# Two challenges for dependently typed languages

September 23, 2014 - Tagged as: coq, en.

``````Require Import Fin.
Require Import Arith.
Require Import Omega.
Require Import Program.``````

I propose two challenges that I think are very useful to see how easy to use a dependently typed language is. Different dependently typed languages use different type theories as their trusted cores and admit different axioms. In my experience, this significantly effects user experience. For example, lack of dependent pattern matching in Coq is leading to horribly verbose, hard to write, read and understand pattern matching code(see convoy and transport patterns).

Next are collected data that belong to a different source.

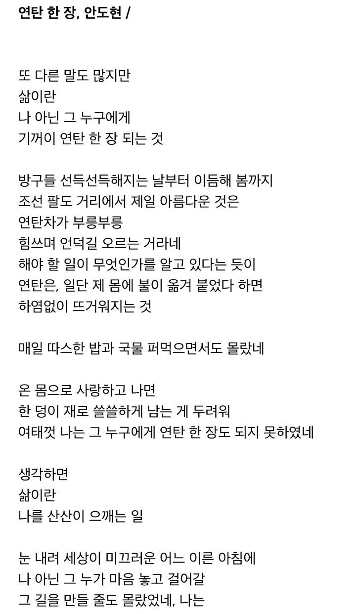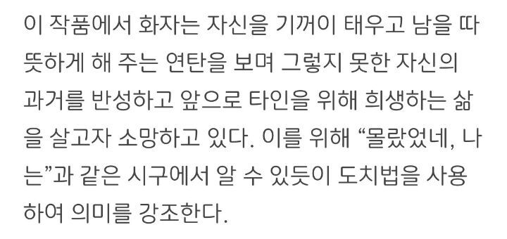 우영우 12화 류재숙 변호사가 낭독한 시.. 남을 위해 자신을 희생하는 연탄(류재숙)을 보며 그렇지 못한 과거를 반성하는.. 아마 앞으로 영우의 변호사 생활에 대한 미래를 암시하는 것 같음 pic.twitter.com/BKWHe1lDLR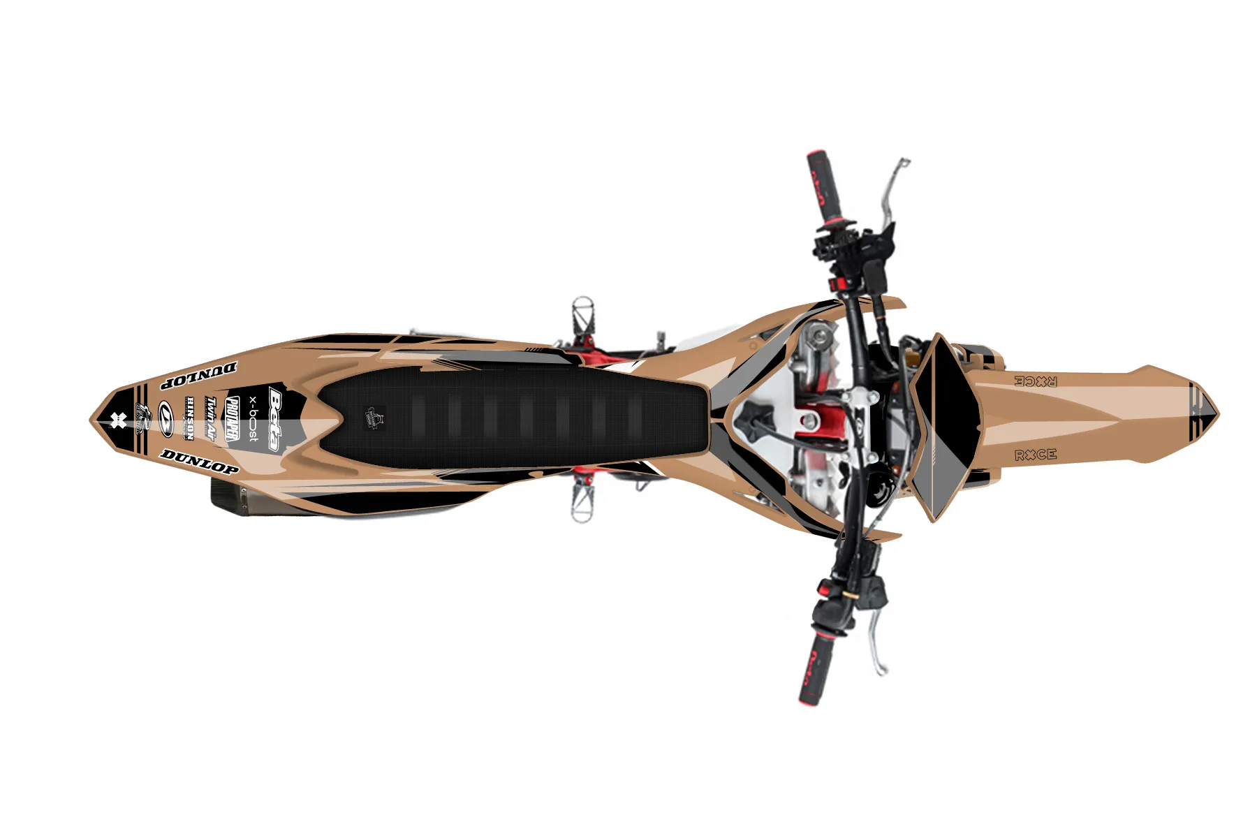 «Club» — готовый комплект графики серии Untucked для Beta Enduro Graphic Kit Beta RR 430 2022. В комплекте: графика на бак и боковые облицовки, крылья (переднее и заднее), передний щиток, номерные таблички, защита вилки. Материал: ПВХ-винил 80 мкр с холодной ламинацией 300 мкр, общая толщина 380 мкр; покрытие глянцевое или матовое на выбор. Устойчив к UV-излучению, воде, бензину и мойке высокого давления. Клей акриловый на сольвентной основе — постоянный, для гибких пластиков. На простых поверхностях монтируется без нагрева; для сложных изгибов рекомендуем фен. Этот пресет можно заказать как есть или взять за основу в конструкторе: поменять цвета, добавить стартовый номер и свой бренд. Производство — 3–5 рабочих дней, доставка по России СДЭКом или Почтой, по СНГ — курьерскими службами.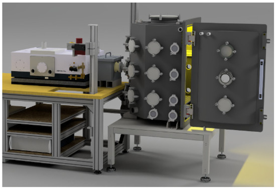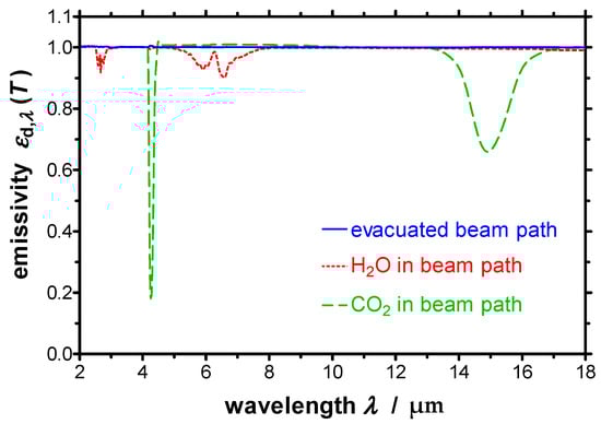 The developed apparatus consists of a double-walled stainless-steel vessel with the internal dimensions (600 × 600 × 900) mm3. Working in vacuum eliminates the influence of infrared-active gases such as water vapor or carbon dioxide (see Figure 6) and avoids oxidation of the specimen. The temperature of the double walls of the vessel can be tempered very homogeneously with a stability of ±0.5 K using a heat transfer fluid and a thermostat. This provides a constant and homogeneous temperature of the surrounding, which is essential for deriving the spectral directional emissivity according to Equation (2). A black paint, the Nextel-Velvet-Coating 811-21, serves as high emitting coating which is applied on the interior of the vacuum vessel. This coating exhibits a spectral emissivity of 0.975 ± 0.010 in the relevant infrared spectral region [].

Adding some extra axioms to Coq’s trusted but sometimes too simple core can make the experience significantly better(see JMec, Program and dependent destruction). On the other hand, languages like Idris handles some of the cases that Coq can’t handle by default.

The challenge is to solve two problems defined below in different dependently typed languages. We can then compare programs for 1) simplicity of code 2) use of extra axioms 3) giving away totality or some other useful properties.

Solutions of one of the challenges may also be compared for erasure of types. Problems are defined in Coq.

## Challenge 1: Cardinality

This is a theorem proving exercise. `Cardinality` of a type is defined as bijection of the type with `Fin.t n` for some `n`:

``````Inductive cardinality (A : Type) (n : nat) : Prop :=
| cardinality_intro
(to_fin    : A -> Fin.t n)
(from_fin  : Fin.t n -> A)
(bijection :
(forall x, from_fin (to_fin x) = x) /\ (forall y, to_fin (from_fin y) = y)).``````

You may want to solve this simple exercise just to warm-up:

``````Theorem cardinality_bool : cardinality bool 2.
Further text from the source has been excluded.